Dementia is defined as neuro degeneration syndrome among elder, affecting memory, thinking, orientation, comprehension, calculation, learning capacity, language, and judgement over 47 millions
of worldwide population, mostly in the West. The evaluation of the syndrome by holistic medicine has been lacking, especially through conventional medicine research and studies. The aim of this essay is to provide accurate information of how effective of holistic medicine in prevention, management and treatment of dementia through searching data base of PubMed.
This is the third time, a research paper has been written this way to general public that you will not find any where in the net.

Causes of Dementia
D. Hormonal Causes of Dementia
1. Growth hormone
According to Universidad de Barcelona, Barcelona, physiological decline of the growth hormone (GH)/insulin-like growth factor-I (IGF-I) axis due to ageing, may involve in the progression of cognitive deficits(116), probably due to ability of both hormones in stimulation of beta amyloid release from neurons and IGF-I involved on brain amyloid clearance(117).

2. Estrogen
According to Scientist at the Kings College London, the decreased production of estrogen due to aging in menopausal women may be association to the risk of dementia(118). Estrogen-replacement therapy has shown to reduce prevalence of Alzheimer's disease in postmenopausal women, but weighing risks and benefits of estrogen-replacement therapy must be taken into account(119)

3. Testosterone
Lower androgen levels in aging are associated with increased plasma Abeta 40 in older men with memory loss or dementia, according to the comparison of levels of serum total testosterone and sex hormone binding globulin (SHBG) and plasma levels of amyloid beta peptide 40(120).

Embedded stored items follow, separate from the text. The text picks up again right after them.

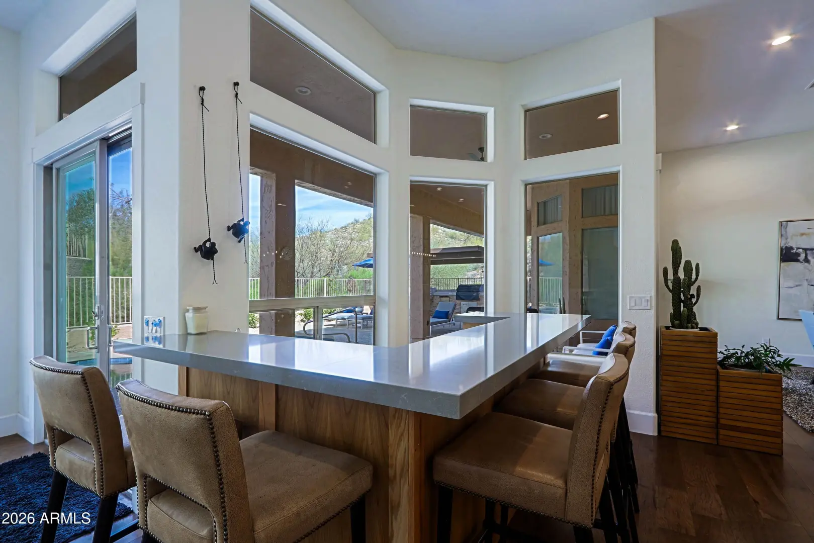 Don't miss this opportunity to own a completely remodeled home in a highly sought after Troon neighborhood. The home was elegantly re-designed creating a light and bright open floor plan using high end contemporary finishes including automated blinds. Upon entering, there is a chic glassed-in wine room or office w/ built-in cabinetry and a large formal dining room with sliding doors that open to a spacious covered patio. An entertaining bar that features beautiful mountain views is the hub of the main living area. The bar leads to a state of the art kitchen with built-in subzero refrigerator, gas cooktop, double wall ovens and a gorgeous island w/breakfast bar seating. The family room boasts a modern fireplace w/ cabinetry & shelving on either side and windows above that showcase
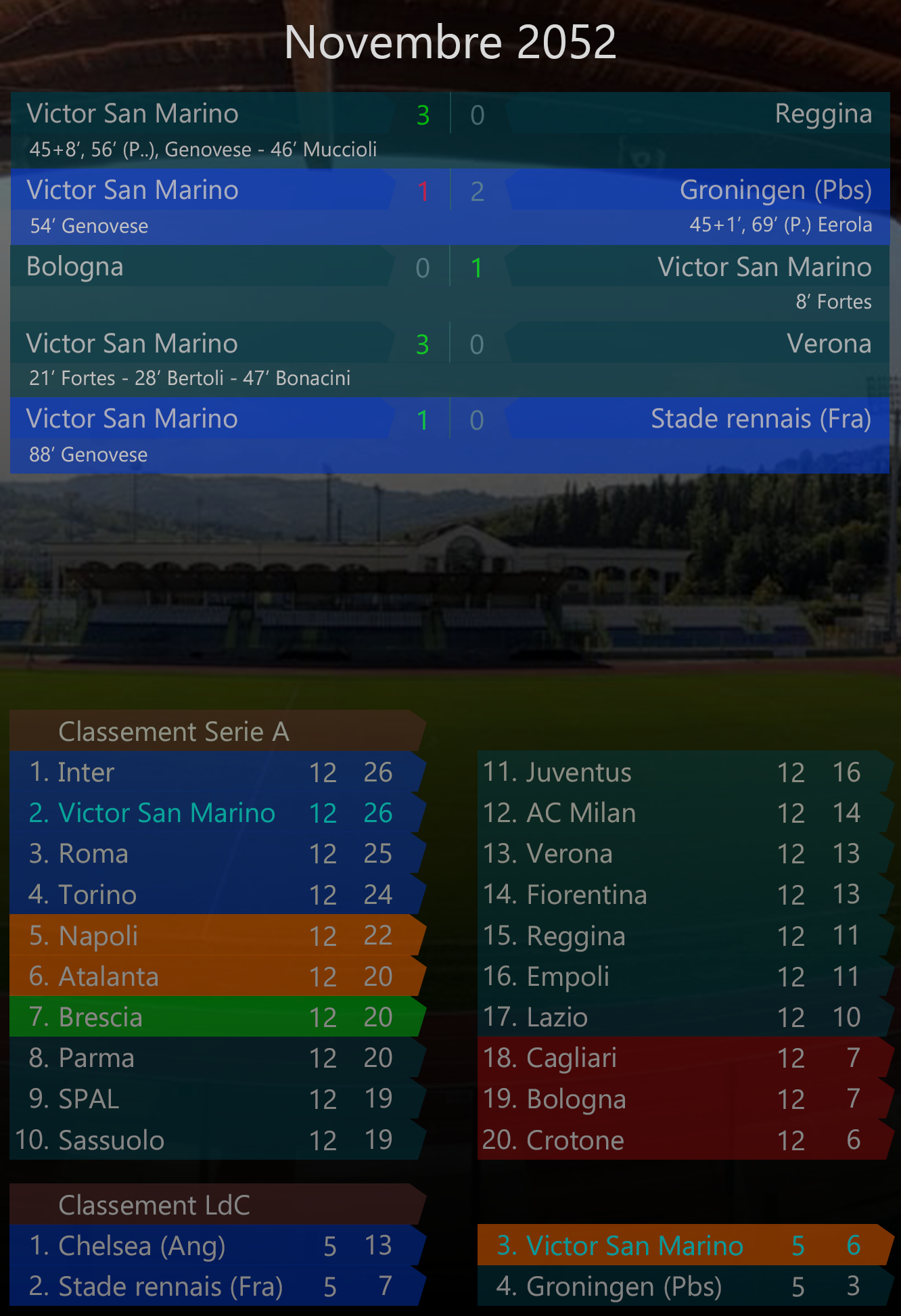 Incroyable 12/15 en championnat ! De plus, avec la perte de vitesse de lâInter, nous sommes seuls en tĂȘte et les milanais sont mĂȘme dĂ©passĂ©s par la Roma.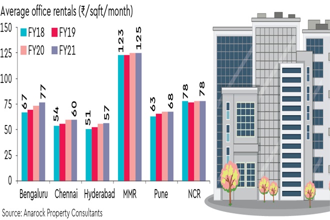 The MMR witnessed just 2% growth in average office rentals between FY18 and FY21 — from Rs 123 per sq ft per month in FY18 to Rs 125 in FY21. Delhi NCR remained flat at Rs 78 per sq ft in both years.

A decreased concentration of dehydroepiandrosterone sulfate (DHEA-S) and lower DHEA-S/DHEA ratio are associated to risk of Alzheimer's disease (AD)(121)(122).

5. Sex-hormone binding globulin
Gonadotropins may be involved in processes and contribution to the etiology/pathogenesis of AD due to its involvement on inflammation, cholesterol homeostasis, and insulin status(123).

6. Etc.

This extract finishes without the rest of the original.